INSTRUCTIONS FOR THE TASK → Please transcribe the data that follows without the pictures, keeping every word the same.

DATA SEGMENT →

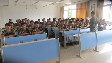 7月9日,又一个火热的日子开始了,下午赤日炎炎,太阳像蒸笼一样,操场上空无一人。原来同学们都到教室开始了下午的室内训练,唱军歌,拉口号,听教官讲解军史等活动丰富了同学们的军训生活
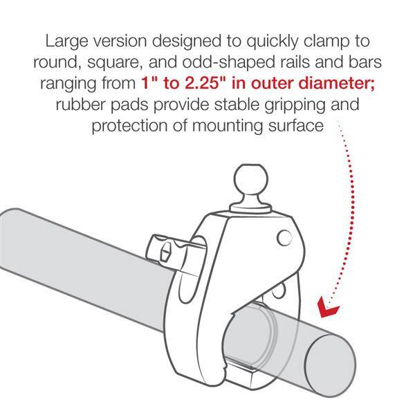 RAM Tough-Claw to idealna podstawa montażowa do montażu i demontażu bez użycia narzędzi na okrągłych, kwadratowych i nieparzystych szynach i prętach. Większą wersję RAM Tough-Claw można szybko zamocować na szynach o średnicy zewnętrznej od 1" do 2,2" i idealnie nadaje się do montażu telefonów, tabletów, kamer sportowych, uchwytów na wędki i wielu innych w szerokiej gamie zastosowań. Doskonale nadający się do montażu na jarzmie samolotu, kierownicy rowerów i motocykli, a nawet na relingach kajakowych i pałąkach, RAM Tough-Claw wkrótce stanie się kolejnym niezbędnym elementem pamięci RAM w Twojej kolekcji.
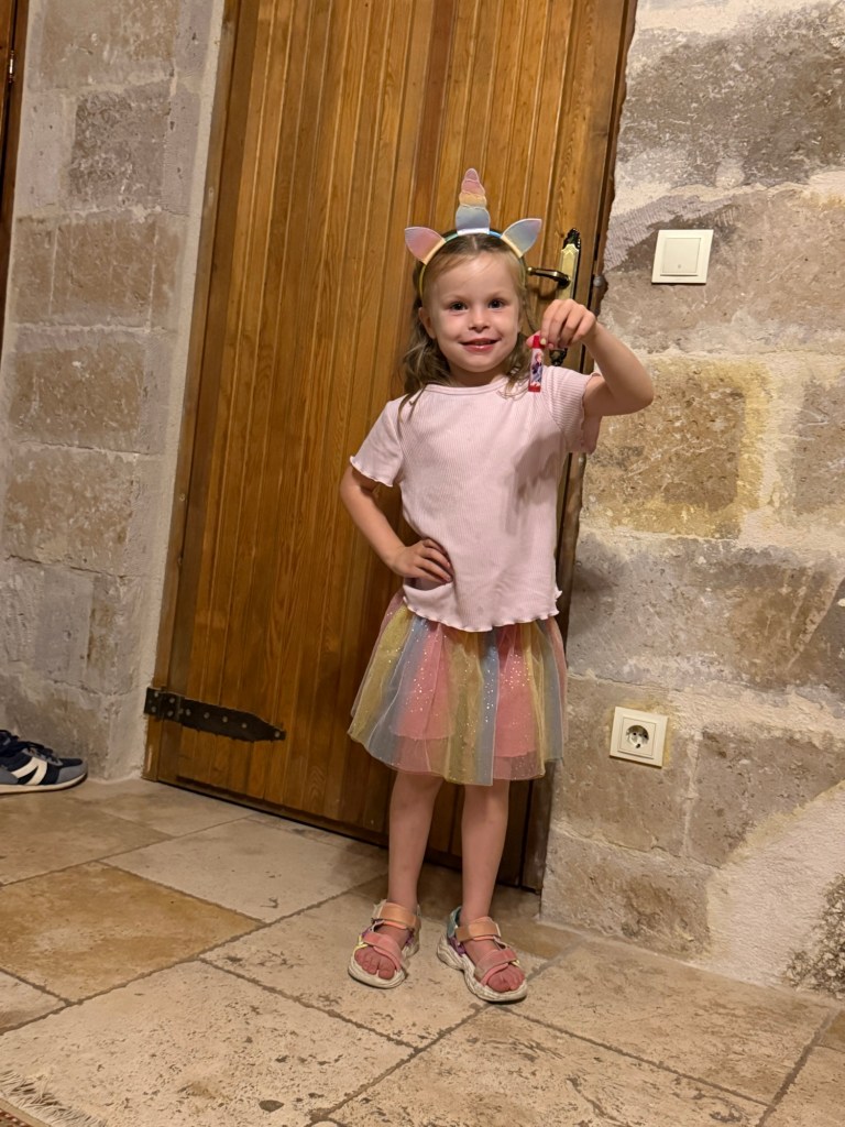 Even though it was past bedtime by this point, we needed dinner. Millie got dressed up (unicorn horn, tutu, extra chapstick) because “it’s a special birthday dinner”.

EXERCISE OUTPUT →
 7月9日,又一个火热的日子开始了,下午赤日炎炎,太阳像蒸笼一样,操场上空无一人。原来同学们都到教室开始了下午的室内训练,唱军歌,拉口号,听教官讲解军史等活动丰富了同学们的军训生活
 RAM Tough-Claw to idealna podstawa montażowa do montażu i demontażu bez użycia narzędzi na okrągłych, kwadratowych i nieparzystych szynach i prętach. Większą wersję RAM Tough-Claw można szybko zamocować na szynach o średnicy zewnętrznej od 1" do 2,2" i idealnie nadaje się do montażu telefonów, tabletów, kamer sportowych, uchwytów na wędki i wielu innych w szerokiej gamie zastosowań. Doskonale nadający się do montażu na jarzmie samolotu, kierownicy rowerów i motocykli, a nawet na relingach kajakowych i pałąkach, RAM Tough-Claw wkrótce stanie się kolejnym niezbędnym elementem pamięci RAM w Twojej kolekcji.
 Even though it was past bedtime by this point, we needed dinner. Millie got dressed up (unicorn horn, tutu, extra chapstick) because “it’s a special birthday dinner”.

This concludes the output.